_PROVIDED DATA:_
══════
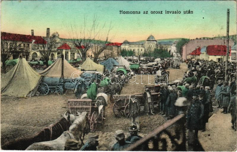 1915 Homonna, Humenné; Fő tér az orosz invázió után, felállított katon... https://www.darabanth.com/en/39-Major-auction/39.1/Postcards/Slovakia~16042/1915-Homonna-Humenne-Fo-ter-az-orosz-invazio-utan-felallitott-katonai-tabor-Ambrosi-M-~II2725803
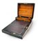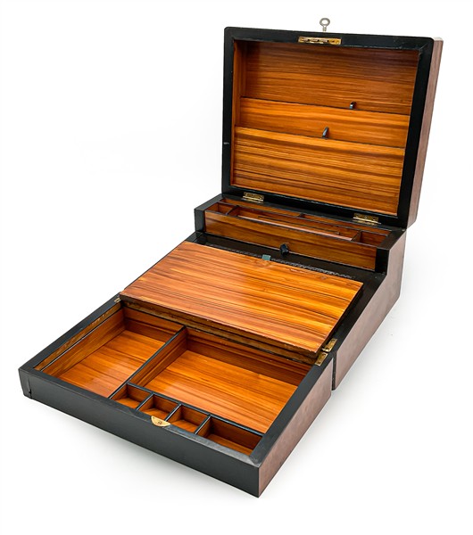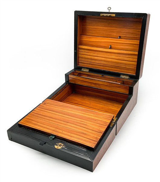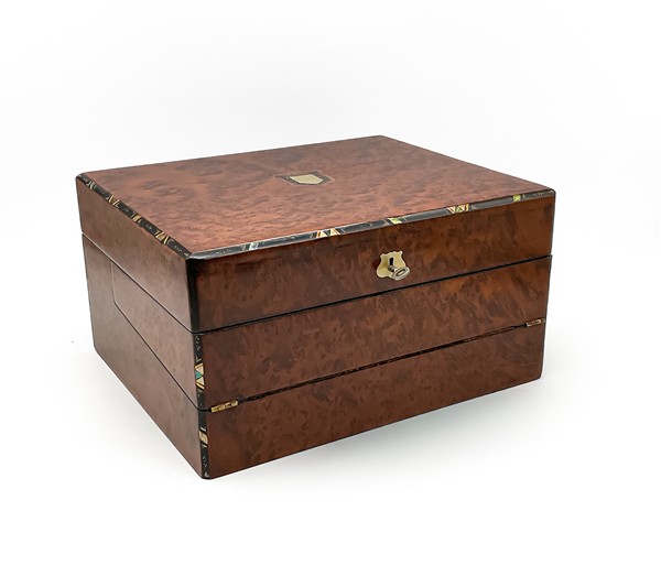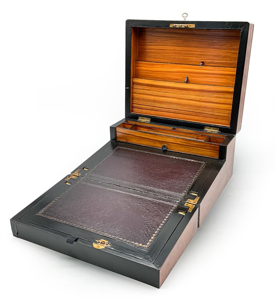 Scrittoio da viaggio lastronato in radica con inserti in madreperla e ottone, i
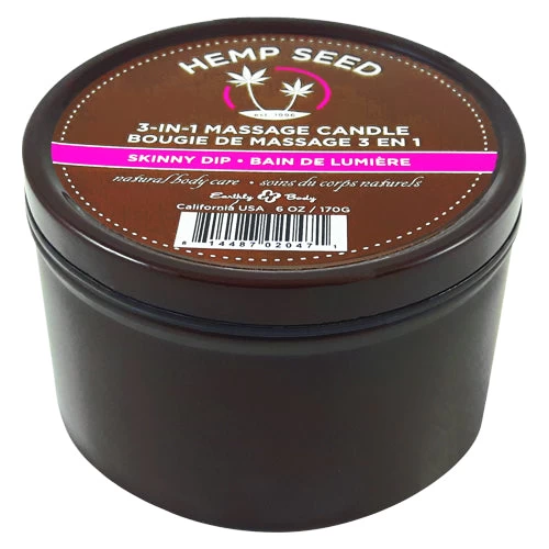 Earthly Body 3-in-1 Massage Candle is enriched with Vitamin E and all natural oils (including Hemp, Apricot, Avocado, Coconut, Jojoba). Formulated without preservatives, the product is 100 % vegan.
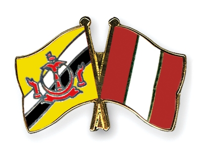 Die Cross Promotion AG liefert hochwertige Freundschaftspins mit der Brunei-Darussalam Fahne links und der Peru Flagge auf der rechten Seite, wie oben abgebildet.
══════
_DESCRIPTION OF THE TASK:_
Once the pictures are set aside, give the rest of the material again unchanged.

_COMPLETED EXERCISE:_
 1915 Homonna, Humenné; Fő tér az orosz invázió után, felállított katon... https://www.darabanth.com/en/39-Major-auction/39.1/Postcards/Slovakia~16042/1915-Homonna-Humenne-Fo-ter-az-orosz-invazio-utan-felallitott-katonai-tabor-Ambrosi-M-~II2725803
 Scrittoio da viaggio lastronato in radica con inserti in madreperla e ottone, i
 Earthly Body 3-in-1 Massage Candle is enriched with Vitamin E and all natural oils (including Hemp, Apricot, Avocado, Coconut, Jojoba). Formulated without preservatives, the product is 100 % vegan.
 Die Cross Promotion AG liefert hochwertige Freundschaftspins mit der Brunei-Darussalam Fahne links und der Peru Flagge auf der rechten Seite, wie oben abgebildet.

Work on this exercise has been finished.